If you had to sort of fashion a bull case on Tesla, which of those businesses do you think is going to really drive the value for the company?
The biggest bet is the idea of the robots, the humanoid robots. Now, when you talk about how real that is, I mean, there's a lot of steps. When I talk to robotic experts, professors, people in the space, there's a lot of things that need to occur. You can do demos, you can do concepts, but many steps ahead. There are others out there who are still, you know, kind of showing the same thing.
And that's a big leap. When you talk about driverless taxis, now this is a technology that some have figured out. I'm in San Francisco. I have been in the Waymo robo-taxi. People are using it for their daily commutes here. It's a business. It is expanding to places like it's in Los Angeles. It's going other places. Next on the horizon here in San Francisco is Amazon.com's own gamble with Zoox.

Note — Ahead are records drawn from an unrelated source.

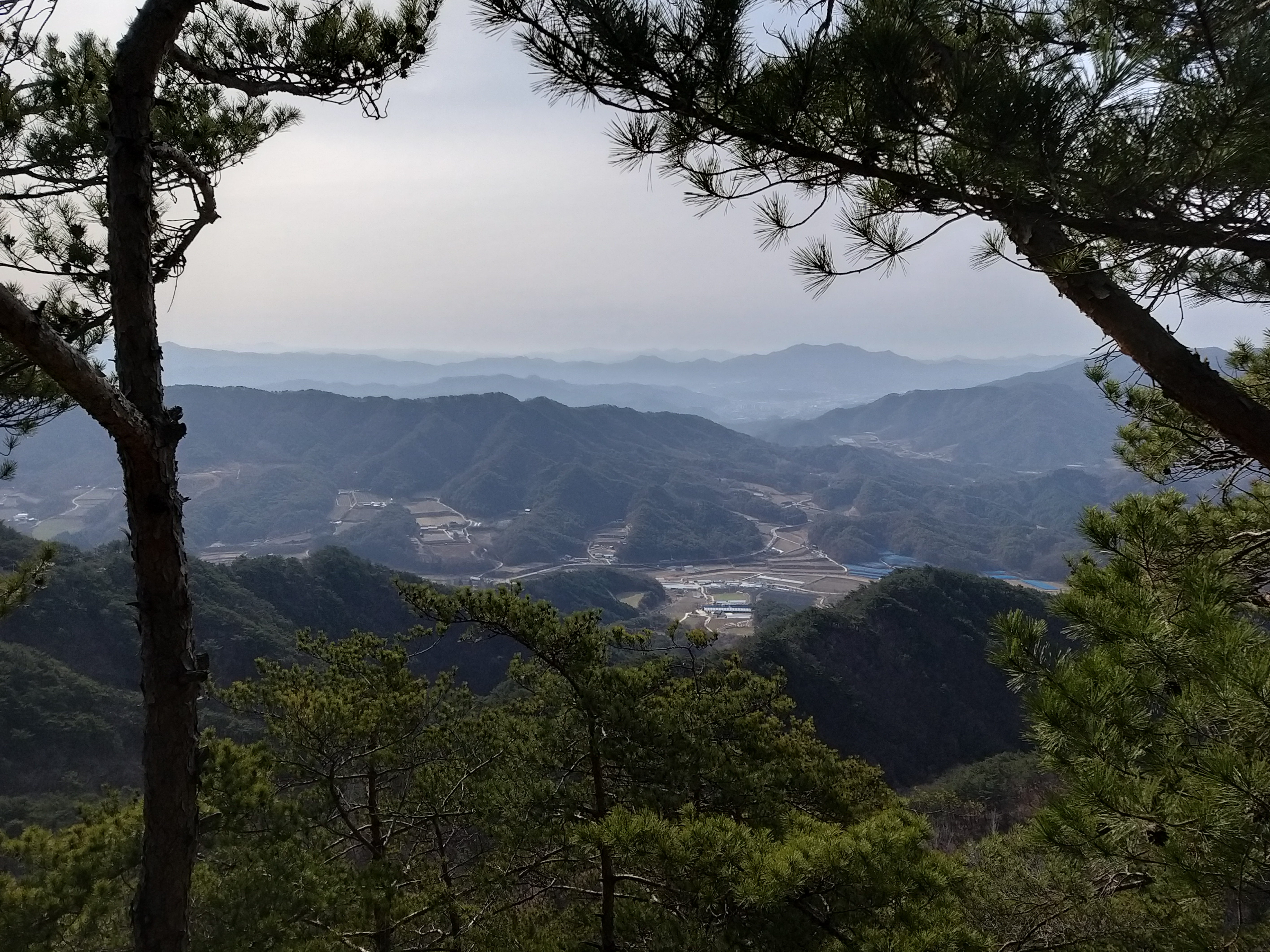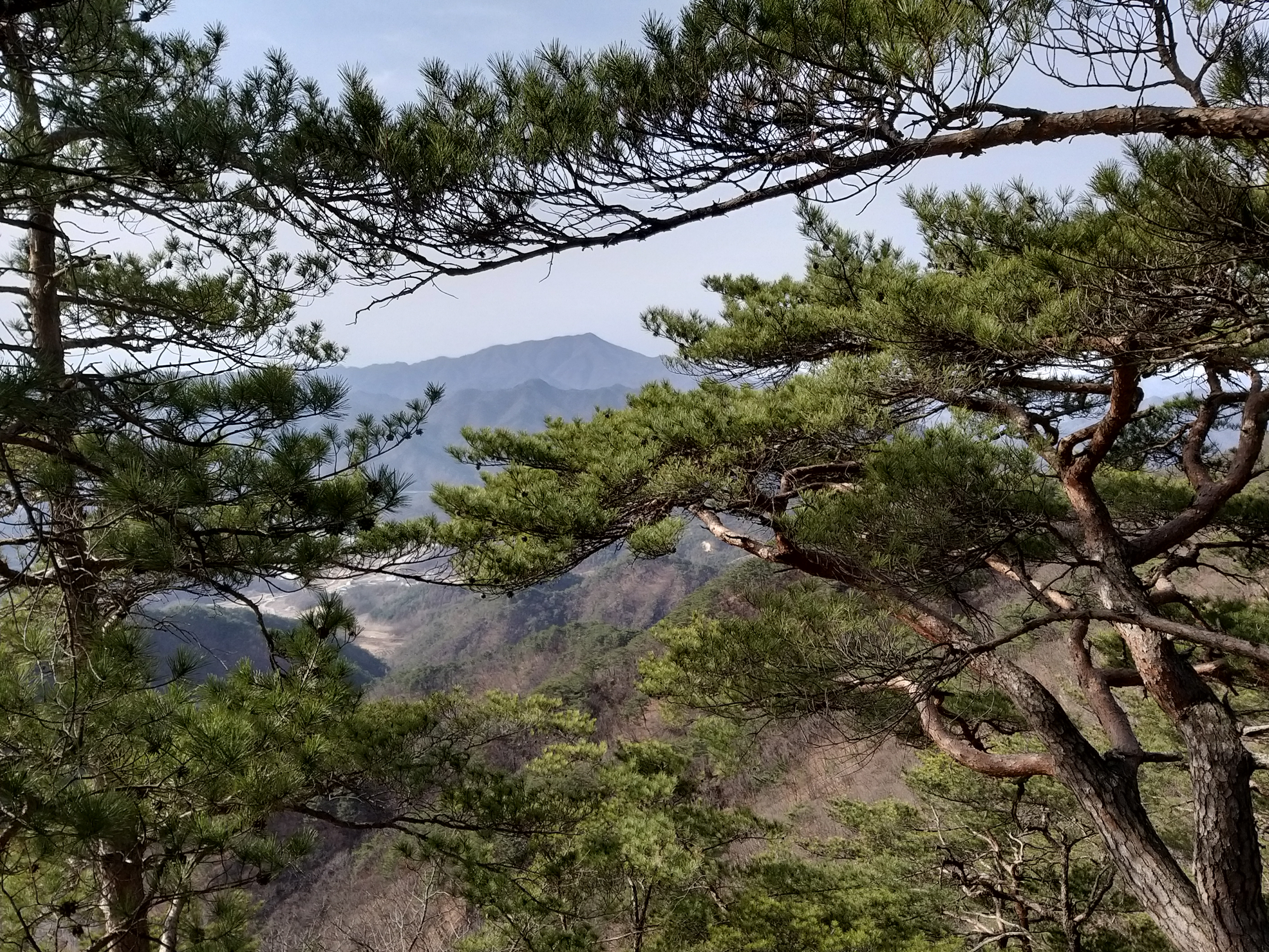 소나무에 가려 전망대 구실을 못한다. 도솔지맥 마루금들이다. 사명산은 다시 찾고 싶었던 몇 안되는 산중에 하나다
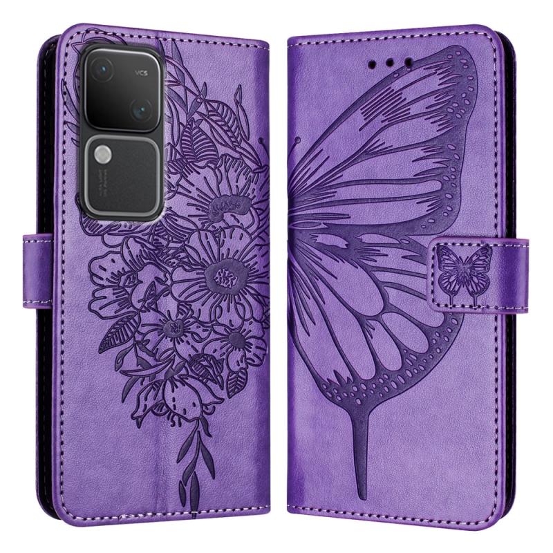 For vivo V30 5G/V30 Pro 5G Global Embossed Butterfly Leather Phone Case(Light Purple)
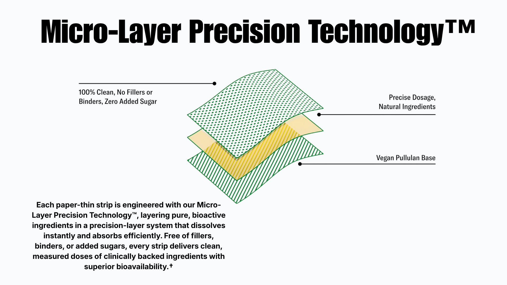 Dissolvable strips melt on your tongue and deliver fast, clean energy through superior bioavailability that outperforms traditional supplements.†
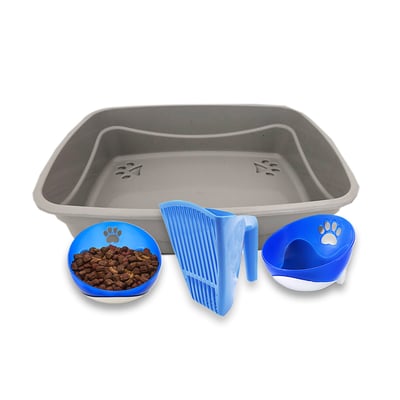 Kit Higiênico Truqys Bandeja Furba E Comedouro Azul Para Gatos - Compare ofertas e economize
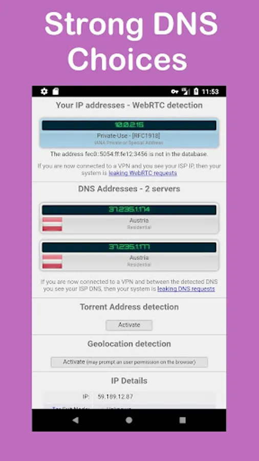 - Leak tests (ipleak.net)
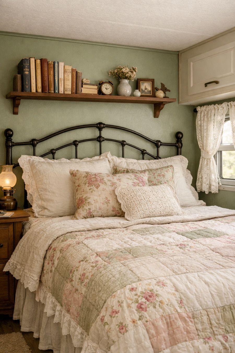 The bedroom area is a serene retreat designed for restful nights and peaceful mornings. A cozy bed with a wrought iron frame is dressed in vintage-inspired linens, creating a soft and inviting sleep space. The walls are painted in a calming shade of sage green, enhancing the tranquil ambiance. Above the bed, a small shelf holds a selection of beloved books and a few personal trinkets. Natural light filters in through a small window adorned with lace curtains, adding to the room's gentle, airy feel.
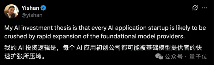 简单来说,他的观点是:基础模型掌握算力等底层优势,几乎只要出现一个新应用,基础模型就能在几天之内学会。
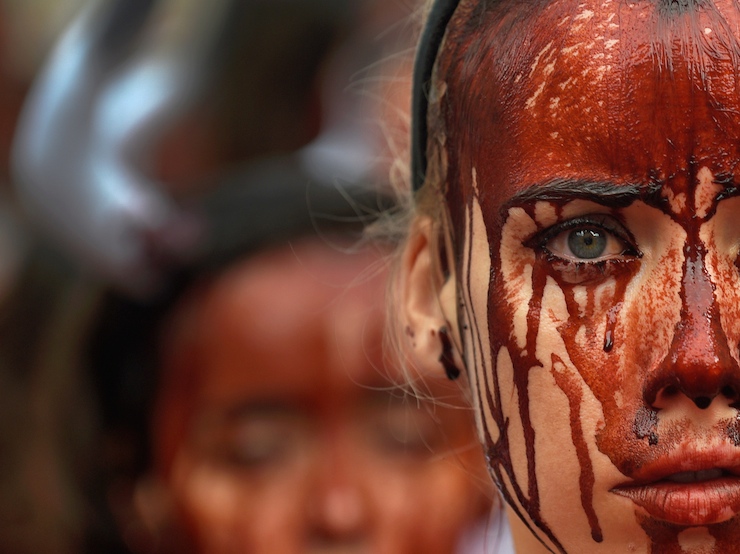 Ana Sayfa İspanya'da hayvan hakları savunucuları, boğa koşusu festivalini 'kanla' protesto etti boga festivali protesto2

I have been in their robo-taxi as well. It's not yet been opened up to the general public, but is on a path. We've seen those. With Tesla, we have not seen those. the company demonstrate an ability to operate vehicles without people behind the wheel on public roads. That's a big leap forward.
Now, supporters and Tesla enthusiasts will say that FSD, their full self-driving technology, which is not fully self-driving just yet. It is a driver-assisted system, which still requires somebody behind the wheel. Supporters would say that's getting very far along and they can see it happening. Thank you. Thank you.